- Braybrook, Victoria Australia

Information
- School type: Public, co-educational, secondary day school
- Motto: Pride in Achievement
- Established: 1960
- Principal: Kelly Panousieris
- Grades: 7–12
- Enrolment: 1424
- Colours: Navy blue, maroon and white
- Website: braybrooksc.vic.edu.au

= Braybrook College =

Braybrook College is a state secondary college located in the suburb of Braybrook which is located in Melbourne's western suburbs.

==About the school==
Braybrook College is a Year 7–12, Single campus, co-educational, multicultural, Years 7 to 12 college, largely serving the areas of Sunshine and Footscray.

The school is well-resourced with facilities including Computer Labs, Numeracy Centre, Music Centre, Drama Centre, Gymnasium, Library, Careers Centre, Food/Home Economics Centre, Woodwork Centre and Machine Workshop, Ceramics and Arts Studios, Science Laboratories, Canteen, Synthetic Soccer Pitch, Landscaped gardens, and a covered BBQ area.
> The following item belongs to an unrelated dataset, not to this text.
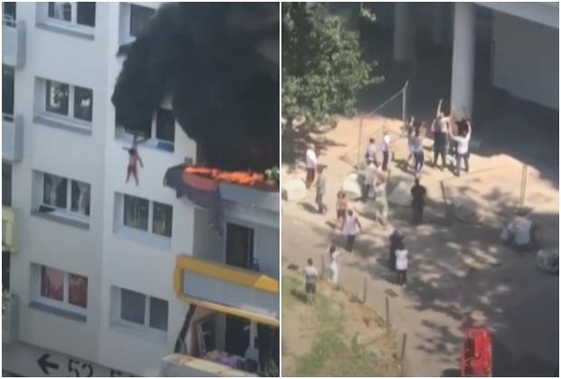 Na snimku se vidi kako jedan od dečaka pada sa trećeg sprata zahvaćenog požarom dok gusti dim izbija sa balkona i prozora.

The school also has a range of special programs, including an International Students Program, a Program for Students with a Disability, an EAL Program, a "Student at Risk" Program, a Literacy Program, a STEM Program, a Peer Support Program and a Program for High Achievers' (SEEK).

==History==
The school was founded as Braybrook High School, then changed its name from Braybrook Secondary College to Braybrook College.

==Achievements==
Braybrook College graduate Linh Do, defeated seven other nominees from across the state to win the 2008 VCE Achiever of the Year Award, which honors student community contributions. The 18-year-old attended Kevin Rudd’s 2020 Youth Summit and Al Gore’s climate-change leadership training, and then started her own climate change organisation.